I painted 4 W-Marts (foreman)just one field color inside. put one man just on the poles as he had to remove fire extinguisher, phones, decals (heat gun) and the carpet that is wrapped on the poles, and then we put everything back.Just two lifts. two of us painted just the exterior walls inside. Ceilings were NEVER painted on the ones I worked on. (they were vacuumed) Someone mentioned 2 shifts. W Mart only lets you work 9pm-7 am. 3 men, two lifts 6 days, one coat> Offices in back took about 5 gallons and 3 gallons for exterior doors (oil). VERY easy job. Exteriors done at night as well-4 days- 3men.

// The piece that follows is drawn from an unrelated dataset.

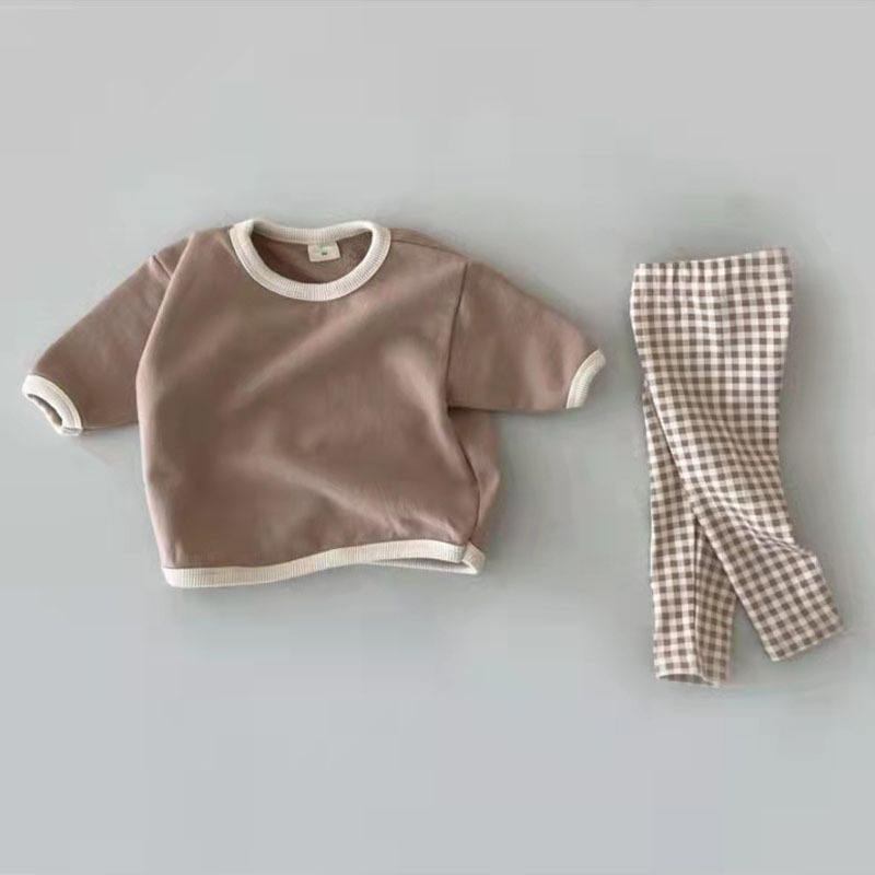 Wholesale Ins Baby Spring and Autumn Long Sleeve Leisure Set Baby Simple Color Hoodie Pants Two-piece Set

Any questions, glad to help...


----------



## daArch

wmore said:


> Any questions, glad to help...


where were you two years ago when buckyboy OP'ed this thread. 

AND he ain't been around since.


----------



## richmondpainting

wmore said:


> I painted 4 W-Marts (foreman)just one field color inside. put one man just on the poles as he had to remove fire extinguisher, phones, decals (heat gun) and the carpet that is wrapped on the poles, and then we put everything back.Just two lifts. two of us painted just the exterior walls inside. Ceilings were NEVER painted on the ones I worked on. (they were vacuumed) Someone mentioned 2 shifts. W Mart only lets you work 9pm-7 am. 3 men, two lifts 6 days, one coat> Offices in back took about 5 gallons and 3 gallons for exterior doors (oil). VERY easy job. Exteriors done at night as well-4 days- 3men. Any questions, glad to help...


Painting commercial exteriors at night...sounds fricken awesome....run a crew during the day and paint in the dark too.......


----------



## richmondpainting

uuuhhhh oohhhh.... guess who just found the request for a Walmart repaint??

lol....


----------



## clermontpainting

my personal experience with this kind of progect is,very needy,very picky, and slow to pay. been doing this for thirty five years take it for what its worth.


----------



## richmondpainting

clermontpainting said:


> my personal experience with this kind of progect is,very needy,very picky, and slow to pay. been doing this for thirty five years take it for what its worth.


Yea...I decided to stay away...I don't have the bank account or experience....but I guess I'm concentrating on resturaunts, retail and tilt ups...offices...


----------